1、. ：匹配任意单个字符，不包括换行符。

import re

text = "cat hat bat\nmat"
pattern = r".at"

print(re.findall(pattern, text))  # ['cat', 'hat', 'bat', 'mat']

2、^ ：匹配字符串的开头。

import re

text = "hello world"
pattern = r"^hello"

print(re.findall(pattern, text))  # ['hello']

3、$ ：匹配字符串的结尾。

import re

text = "hello world"
pattern = r"world$"

print(re.findall(pattern, text))  # ['world']

4、\b ：匹配单词的边界。

import re

text = "hello world"
pattern = r"\bhello\b"

print(re.findall(pattern, text))  # ['hello']

5、\d ：匹配数字字符。

import re

text = "1234"
pattern = r"\d"

print(re.findall(pattern, text))  # ['1', '2', '3', '4']

6、\D ：匹配非数字字符。

import re

text = "hello 123 world"
pattern = r"\D"

print(re.findall(pattern, text))  # ['h', 'e', 'l', 'l', 'o', ' ', ' ', 'w', 'o', 'r', 'l', 'd']

二、量词符号含义

1、* ：匹配前一个字符0次或多次。

import re

text = "A B AB ABC ABBBC"
pattern = r"AB*"

print(re.findall(pattern, text))  # ['A', 'AB', 'ABC', 'ABBB']

2、+ ：匹配前一个字符1次或多次。

import re

text = "A B AB ABC ABBBC"
pattern = r"AB+"

print(re.findall(pattern, text))  # ['AB', 'ABC', 'ABBB']

3、? ：匹配前一个字符0次或1次。

import re

text = "A B AB ABC ABBBC"
pattern = r"AB?"

print(re.findall(pattern, text))  # ['A', 'AB', 'AB', 'AB']

4、{m} ：匹配前一个字符m次。

import re

text = "A B AB ABB ABBB ABBBB"
pattern = r"AB{3}"

print(re.findall(pattern, text))  # ['ABBB']

5、{m,n} ：匹配前一个字符m次到n次。

import re

text = "A B AB ABB ABBC ABBBBC"
pattern = r"AB{2,4}"

print(re.findall(pattern, text))  # ['ABB', 'ABBB', 'ABBB']

三、字符集符号含义

1、[] ：匹配括号中的任意一个字符。

import re

text = "A B AB AC AD AE"
pattern = r"A[BDE]"

print(re.findall(pattern, text))  # ['AB', 'AD', 'AE']

2、[^] ：匹配除了括号中的任意一个字符。

import re

text = "A B AB AC AD AE"
pattern = r"A[^BDE]"

print(re.findall(pattern, text))  # ['AC']

3、\w ：匹配字母、数字、下划线。

import re

text = "hello_123 world"
pattern = r"\w"

print(re.findall(pattern, text))  # ['h', 'e', 'l', 'l', 'o', '_', '1', '2', '3', 'w', 'o', 'r', 'l', 'd']

4、\W ：匹配非字母、非数字、非下划线的字符。

import re

text = "hello_123 world"
pattern = r"\W"

print(re.findall(pattern, text))  # [' ', ' ']

四、特殊符号含义

1、| ：匹配两个表达式中的任意一个。

import re

text = "cat bat hat"
pattern = r"cat|hat"

print(re.findall(pattern, text))  # ['cat', 'hat']

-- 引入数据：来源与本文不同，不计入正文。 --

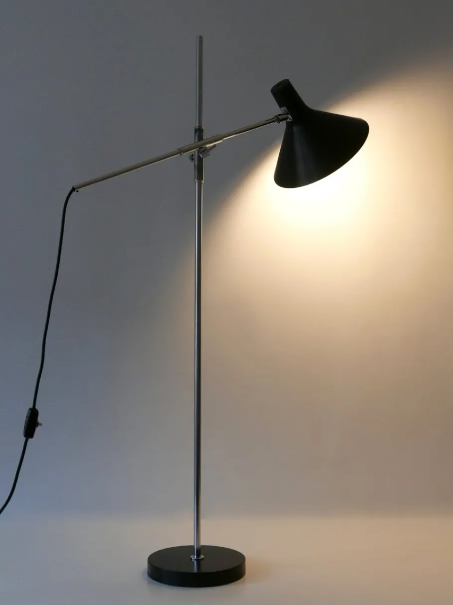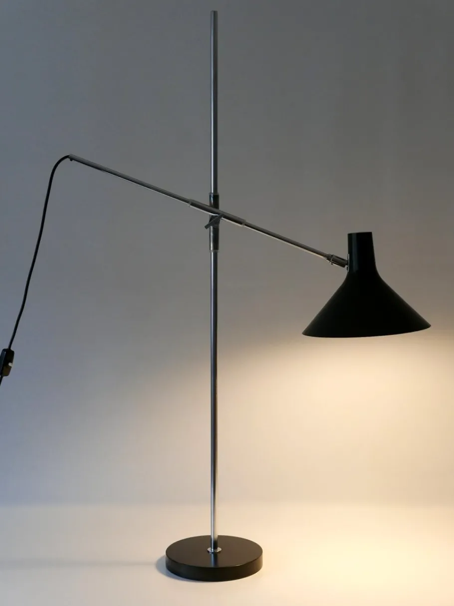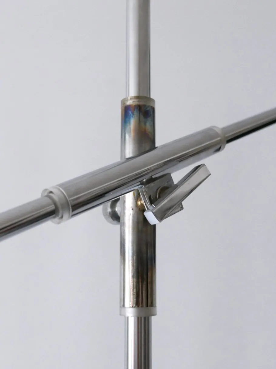 Executed in partly black enameled aluminium sheet and chrome-plated steel tubes, the lamp needs 1 x E27 / E26 Edison screw fit bulb, is wired, and in working condition. It runs both on 110 / 230 volt.

2、() ：标记一个子表达式的开始和结束位置，可以在表达式求值时使用。

import re

text = "cat bat hat"
pattern = r"(c|h)at"

print(re.findall(pattern, text))  # ['cat', 'hat']

3、(?i) ：忽略大小写匹配。

import re

text = "Cat bat hat"
pattern = r"(?i)cat"

print(re.findall(pattern, text))  # ['Cat']

4、(?=) ：断言匹配，但不匹配真正的字符串内容。

import re

text = "hello world"
pattern = r"h(?=e)"

print(re.findall(pattern, text))  # ['h']

5、(?<=) ：断言匹配，但不匹配真正的字符串内容，并且前置断言的内容可以被后面的表达式使用。

import re

text = "hello world"
pattern = r"(?<=h)ello"

print(re.findall(pattern, text))  # ['ello']

以上就是Python正则表达式中常用符号含义的详细解析。希望本文内容能够帮助读者更好地掌握正则表达式的用法，并在实际工作中发挥更大的作用。